GOODBYE TO AOL THAT — by Steve Nadis
It’s been more than 10 years, but today I finally cut the chord with AOL–a relationship that extends back to the early days of the Clinton era (if indeed there was a Clinton era, which may depend on what you mean by “was”). I really hadn’t been using AOL for more than a year, as I now get my email by other means, but I will miss the “content.” (That, not surprisingly, is another word I hate. Not long ago, practically everything was considered content and no one needed a special word to call attention to that fact.) I’ll miss, for example, today’s Entertainment News with headlines like “Sandra Bullock weds tattooed biker.” The article goes on to describe Bullock’s marriage to Jesse James, the founder of West Coast Choppers, who claims to be a distant relative of his even more famous namesake. “The pair arrived in a red monster truck with James driving,” the article recounts. William Shatner and Metallica lead singer James Hetfield attended the event, it continues, though I’m not sure whether the “event” in question pertains to the wedding or the red monster truck exhibition. But the point is, that’s why I’ll miss AOL. For all the trashy, shallow news I try to avoid by listening to NPR.

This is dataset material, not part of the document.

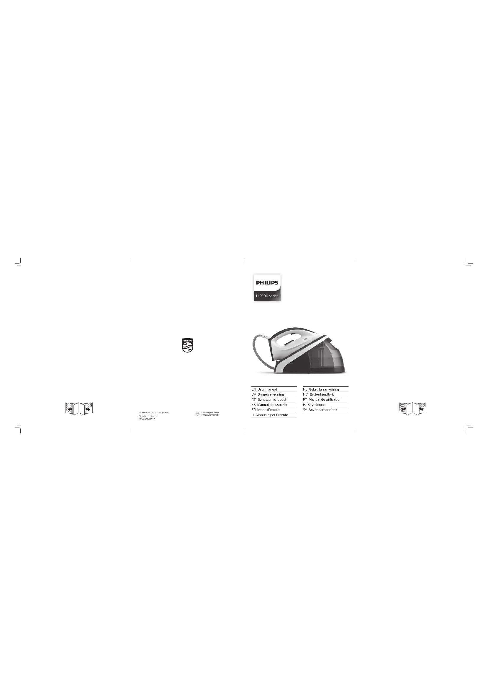 anticalcaire. Attention : N'interrompez pas le processus en relevant le fer du réservoir anticalcaire car de l'eau chaude et de la vapeur sortent de la semelle.24 Français 1 Remplissez le réservoir d'eau à moitié (Fig. 4). Remarque : Assurez-vous que l'appareil est branché et allumé pendant le traitement anticalcaire. 2 Placez le réservoir anticalcaire intelligent sur la planche à repasser ou sur une autre surface plane et stable. 3 Placez le fer de manière stable sur le réservoir anticalcaire (Fig. 5). Remarque : Le réservoir anticalcaire a été conçu pour recueillir les particules de calcaire et l'eau chaude pendant le traitement anticalcaire. Il est parfaitement sûr de poser le fer sur ce réservoir pendant tout le traitement. 4 Maintenez enfoncé le bouton Calc-Clean pendant 2 secondes jusqu'à ce que de brefs signaux sonores retentissent (Fig. 6). 5 Pendant le traitement anticalcaire, de brefs signaux sonores retentissent, ainsi qu'un bruit de pompe (Fig. 7). 6 Lorsque la fonction anticalcaire est terminée, le fer cesse d'émettre des signaux sonores et le voyant CALC-CLEAN cesse de clignoter (Fig. 8). 7 Essuyez le fer avec un chion et replacez-le sur la base (Fig. 9). 8 Le réservoir anticalcaire devenant chaud pendant le traitement anticalcaire, patientez environ 5 minutes avant de le toucher. Transportez ensuite le réservoir anticalcaire vers l'évier, videz-le et rangez-le pour un usage ultérieur (Fig. 10). 9 Si nécessaire, vous pouvez répéter les étapes 1 à 7. Veillez à vider le réservoir anticalcaire avant de commencer le traitement anticalcaire. Remarque : Pendant le traitement anticalcaire, de l'eau propre peut s'écouler de la semelle si aucun résidu de calcaire ne s'est accumulé dans le fer. Ce phénomène est normal. Dépannage Cette rubrique récapitule les problèmes les plus courants que vous pouvez rencontrer avec l'appareil. Si vous ne parvenez pas à résoudre un problème à l'aide des renseignements ci-dessous, rendez- vous sur le site www.philips.com/support et consultez la liste des questions fréquemment posées ou contactez le Service Consommateurs Philips de votre pays. Problème Cause possible Solution L'appareil ne produit pas de vapeur. Vous avez réglé le thermostat sur SYNTH à 1. Réglez le thermostat sur la position 2 ou supérieure. La fonction vapeur reste désactivée jusqu'à ce que vous ayez eectué la procédure de détartrage. Eectuez la procédure de détartrage pour réactiver la fonction vapeur. (reportez-vous au chapitre « Nettoyage et entretien ») Au début de votre séance de repassage, la gâchette vapeur n'a pas été maintenue enfoncée assez longtemps. Maintenez la gâchette vapeur enfoncée jusqu'à ce que la vapeur s'échappe de l'appareil. Jusqu'à 30 secondes peuvent s'écouler avant que la vapeur ne sorte. Le voyant Calc-Clean clignote. Aucune vapeur ne s'échappe de la semelle et/ou l'appareil émet un signal sonore. Vous n'avez pas exécuté ou terminé le traitement anticalcaire. Exécutez le traitement anticalcaire pour réactiver la fonction vapeur (voir le chapitre « Nettoyage et entretien »).25 Français Problème Cause possible Solution L'appareil s'est éteint. La fonction d‘arrêt automatique est automatiquement activée lorsque l‘appareil n‘a pas été utilisé pendant plus de 5 minutes. Pour réactiver l'appareil, réglez le bouton marche/arrêt sur la position « Arrêt », puis sur la position « Marche ». L'appareil recommence alors à chauer. Le fer produit un bruit de pompe. Le réservoir d'eau est vide. Remplissez le réservoir d'eau avec de l'eau et appuyez sur la gâchette vapeur jusqu'à ce que le bruit de pompe s'atténue et que de la vapeur s'échappe de la semelle. Des gouttes d'eau s'écoulent de la semelle. Après le traitement anticalcaire, de l'eau peut s'écouler de la semelle. Essuyez soigneusement la semelle à l'aide d'un chion sec. Si le voyant Calc-Clean continue de clignoter et l'appareil continue d'émettre un signal sonore, exécutez le traitement anticalcaire (voir le chapitre « Nettoyage et entretien »). De l'eau sale et des impuretés (taches marron, particules de calcaire, etc.) s'échappent de la semelle. Des impuretés ou dépôts de calcaire se sont formés sur les évents à vapeur et/ou la semelle. Exécutez régulièrement le traitement anticalcaire (voir le chapitre « Nettoyage et entretien »). De l'eau s'écoule de la semelle. Vous avez accidentellement démarré le traitement anticalcaire (voir le chapitre « Nettoyage et entretien »). Éteignez l'appareil, puis rallumez-le. Laissez chauer le fer jusqu'à ce que le voyant « Fer prêt » du fer reste allumé.26 Italiano Introduzione Congratulazioni per l'acquisto e benvenuti in Philips! Per trarre il massimo vantaggio dall'assistenza fornita da Philips, registrate il vostro prodotto sul sito www.philips.com/welcome. Prima di utilizzare l'apparecchio, leggete attentamente il manuale dell'utente, l'opuscolo "Informazioni importanti" e la guida rapida. Conservateli per eventuali riferimenti futuri. Panoramica del prodotto (Fig. 1) 1 Tubo dell'acqua 2 Termostato 3 Pulsante del vapore/colpo di vapore 4 Spia di "ferro da stiro pronto" 5 Pulsante CALC-CLEAN con spia 6 Base d'appoggio 7 Pulsante di sgancio del serbatoio dell'acqua 8 Serbatoio dell'acqua estraibile 9 Interruttore on/o 10 Cavo di alimentazione con spina 11 Contenitore Smart Calc-Clean Importante Eseguite la procedura di rimozione del calcare regolarmente per maggiore vapore e durata del ferro. Acqua consigliata Acqua distillata o demineralizzata se vivete in un'area con acqua dura. Tipo di acqua da utilizzare Questo apparecchio è stato progettato per essere utilizzato con acqua corrente. Se vivete in un'area con acqua dura, potrebbe vericarsi un repentino accumulo di calcare. Si consiglia, quindi, di usare acqua distillata o demineralizza per prolungare la vita dell'apparecchio. Avvertenza: non utilizzate acqua profumata, acqua pr

Well, goodbye, old friend. Please don’t let any old slob use my screen name. And as for my password, that’s going to stay our little secret, right?
Posted by in 05:27:38
Hey Snake, way to go! Keep up the good work! Don’t let that nammering nabob of negativity Burt get you down! You’re practically back in top form, despite a few setbacks of late, and if you play your cards right (and don’t overplay your hand, but don’t, on the other hand, play too meekly or too predictably), you just might be headed for that comeback you always dream of.
Thank you, Snake. I found that pep talk most inspiring.
Hey, I thought this space was for OTHER people to comment. What do you have going there–a one-man show?
If a man can’t speak his own mind here, in his own blog, whenever he feels like it, where can he?
Am I Snake too?
We are all Snake.
Thank you guys. That sounds like the highest form of flattery, assuming I understand what the hell you are saying. (Doubtful.)